→ TASK BRIEF
In the records below, repeat word for word only the lines starting at the one that contains "Стильная туника для" and ending at the one that contains "在本次活动期间,嘉宾参观了华", pictures excluded.

(Beginning of GIVEN RECORDS)

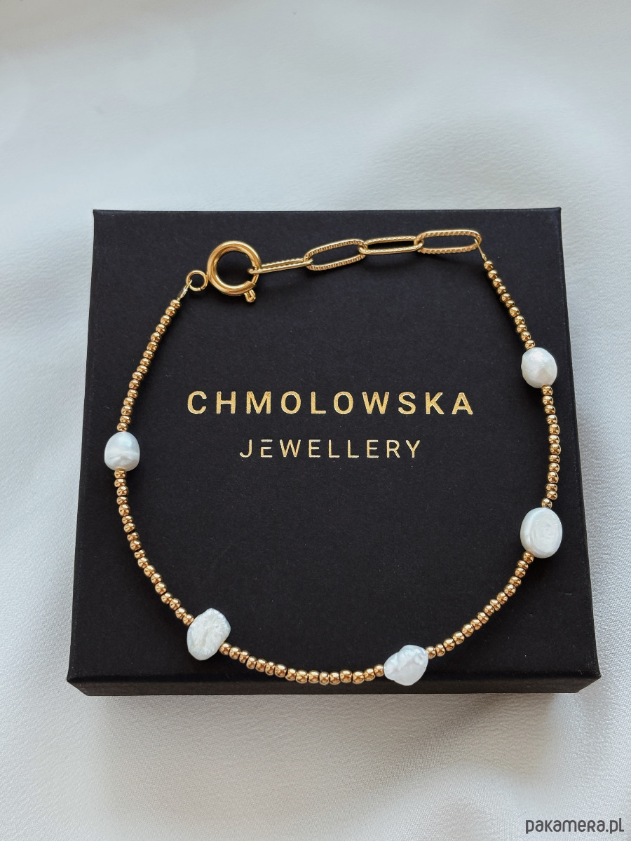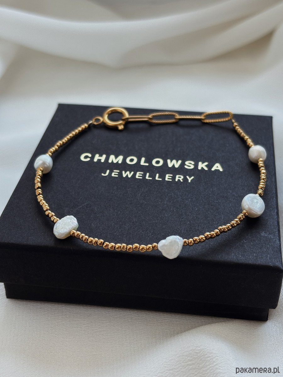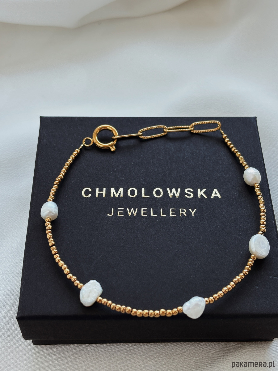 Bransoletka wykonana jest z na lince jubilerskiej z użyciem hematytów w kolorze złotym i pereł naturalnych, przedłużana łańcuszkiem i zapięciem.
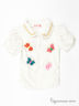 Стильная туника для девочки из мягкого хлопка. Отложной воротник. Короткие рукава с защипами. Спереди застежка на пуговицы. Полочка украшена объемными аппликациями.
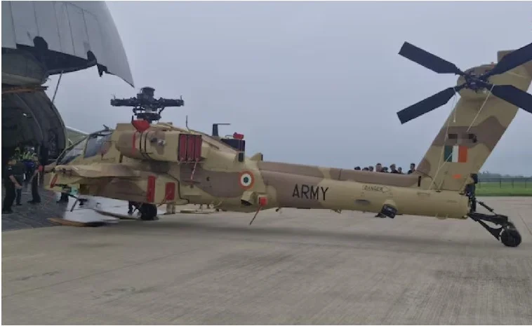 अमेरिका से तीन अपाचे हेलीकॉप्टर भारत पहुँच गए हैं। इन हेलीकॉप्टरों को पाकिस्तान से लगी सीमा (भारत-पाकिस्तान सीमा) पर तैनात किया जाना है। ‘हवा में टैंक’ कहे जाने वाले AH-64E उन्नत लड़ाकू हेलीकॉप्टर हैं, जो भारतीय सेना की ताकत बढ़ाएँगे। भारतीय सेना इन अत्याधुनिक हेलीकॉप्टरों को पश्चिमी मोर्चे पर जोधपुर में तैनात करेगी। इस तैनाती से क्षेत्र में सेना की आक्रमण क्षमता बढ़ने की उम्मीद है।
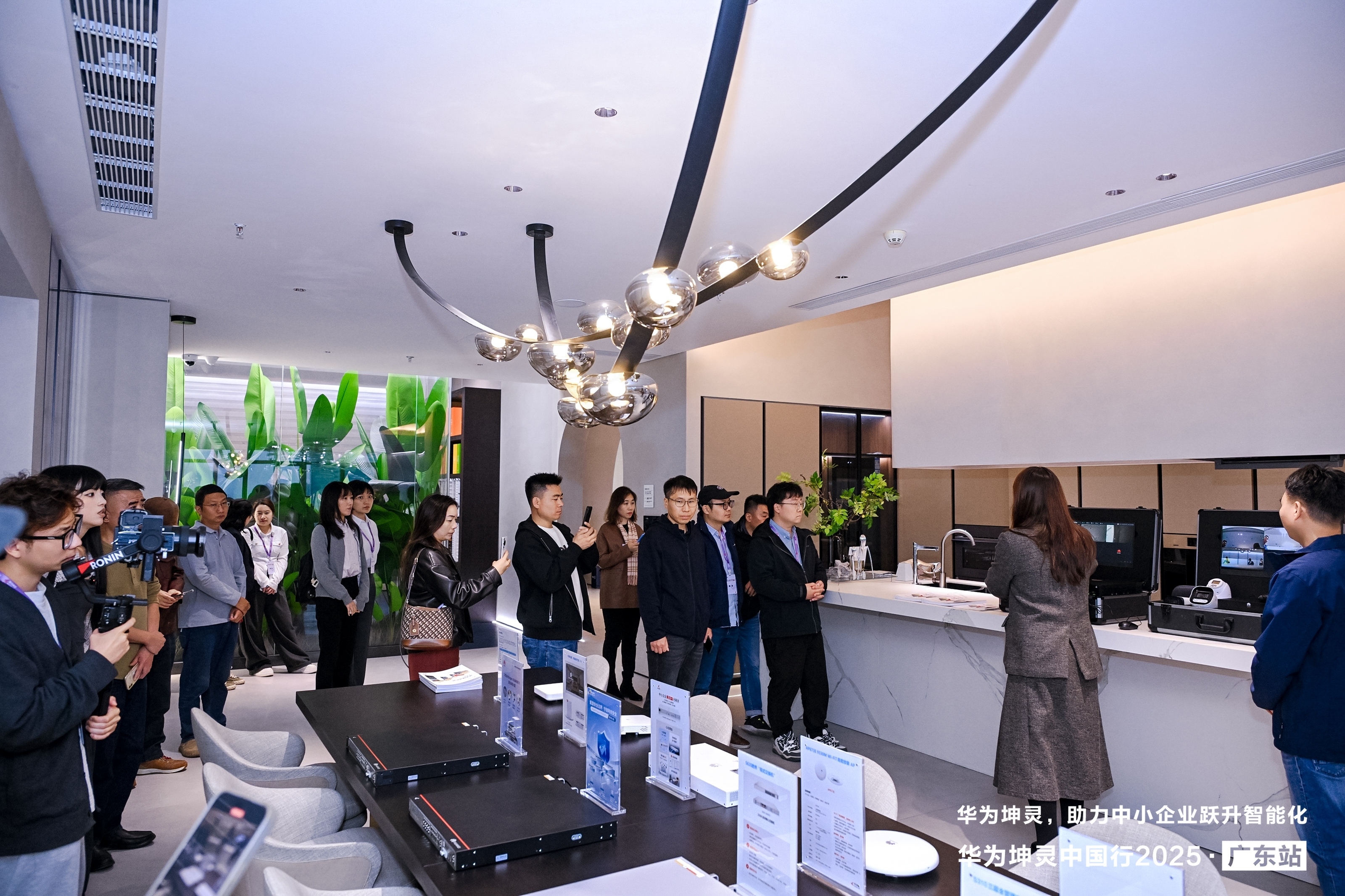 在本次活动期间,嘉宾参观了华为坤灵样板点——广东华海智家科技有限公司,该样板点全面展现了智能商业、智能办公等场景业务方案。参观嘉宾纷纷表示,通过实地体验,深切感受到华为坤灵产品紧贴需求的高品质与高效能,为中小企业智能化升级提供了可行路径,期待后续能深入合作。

(End of GIVEN RECORDS)
(Beginning of GIVEN RECORDS)

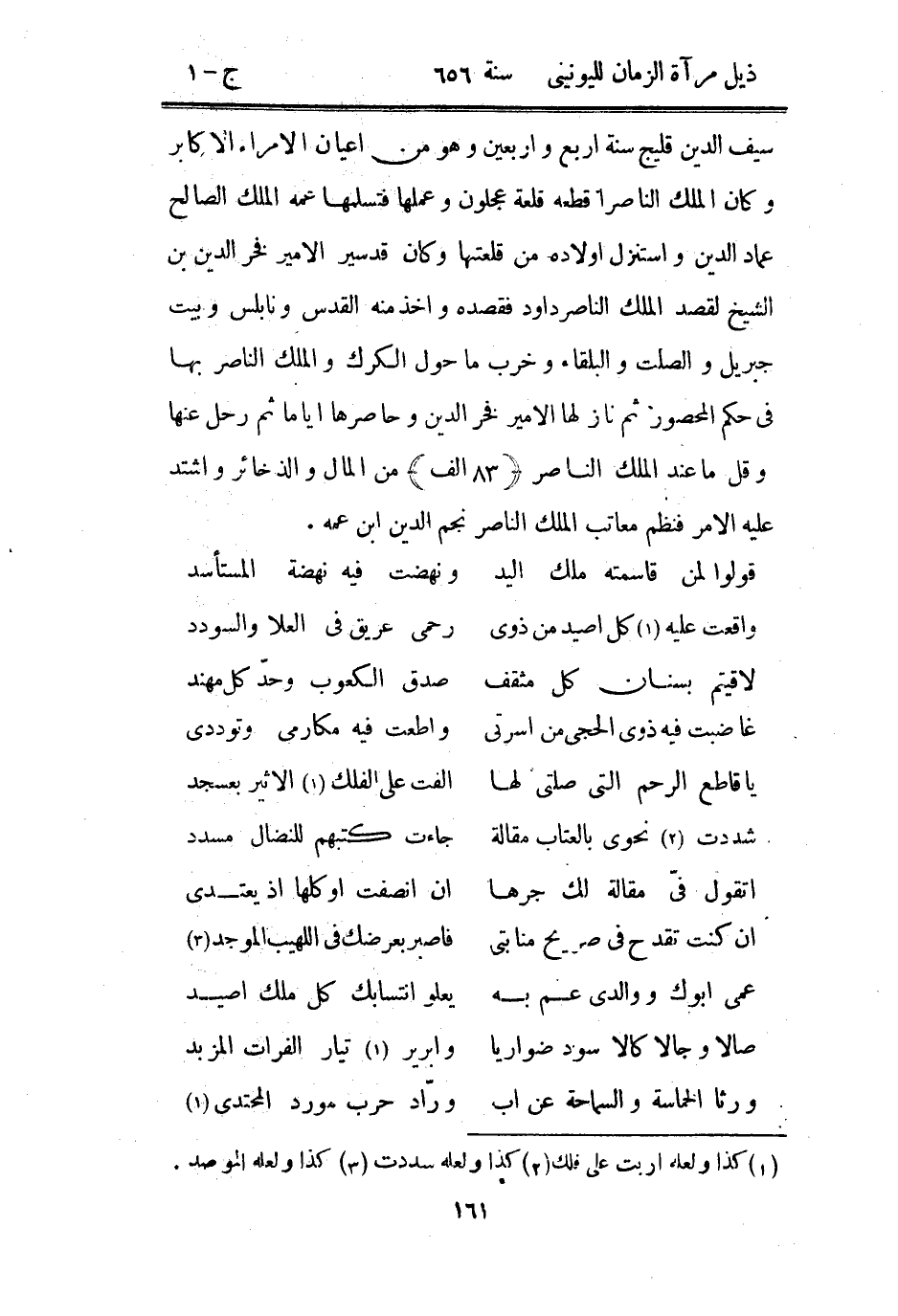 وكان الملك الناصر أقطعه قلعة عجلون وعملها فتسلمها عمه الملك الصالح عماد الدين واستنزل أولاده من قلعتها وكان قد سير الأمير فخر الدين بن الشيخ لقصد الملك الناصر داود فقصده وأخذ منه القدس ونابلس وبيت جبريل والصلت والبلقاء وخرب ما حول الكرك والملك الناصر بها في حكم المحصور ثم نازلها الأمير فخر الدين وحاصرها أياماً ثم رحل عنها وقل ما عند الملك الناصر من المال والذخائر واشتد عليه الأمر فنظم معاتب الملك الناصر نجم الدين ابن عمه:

(End of GIVEN RECORDS)

→ RESULT OF THE EXERCISE
 Стильная туника для девочки из мягкого хлопка. Отложной воротник. Короткие рукава с защипами. Спереди застежка на пуговицы. Полочка украшена объемными аппликациями.
 अमेरिका से तीन अपाचे हेलीकॉप्टर भारत पहुँच गए हैं। इन हेलीकॉप्टरों को पाकिस्तान से लगी सीमा (भारत-पाकिस्तान सीमा) पर तैनात किया जाना है। ‘हवा में टैंक’ कहे जाने वाले AH-64E उन्नत लड़ाकू हेलीकॉप्टर हैं, जो भारतीय सेना की ताकत बढ़ाएँगे। भारतीय सेना इन अत्याधुनिक हेलीकॉप्टरों को पश्चिमी मोर्चे पर जोधपुर में तैनात करेगी। इस तैनाती से क्षेत्र में सेना की आक्रमण क्षमता बढ़ने की उम्मीद है।
 在本次活动期间,嘉宾参观了华为坤灵样板点——广东华海智家科技有限公司,该样板点全面展现了智能商业、智能办公等场景业务方案。参观嘉宾纷纷表示,通过实地体验,深切感受到华为坤灵产品紧贴需求的高品质与高效能,为中小企业智能化升级提供了可行路径,期待后续能深入合作。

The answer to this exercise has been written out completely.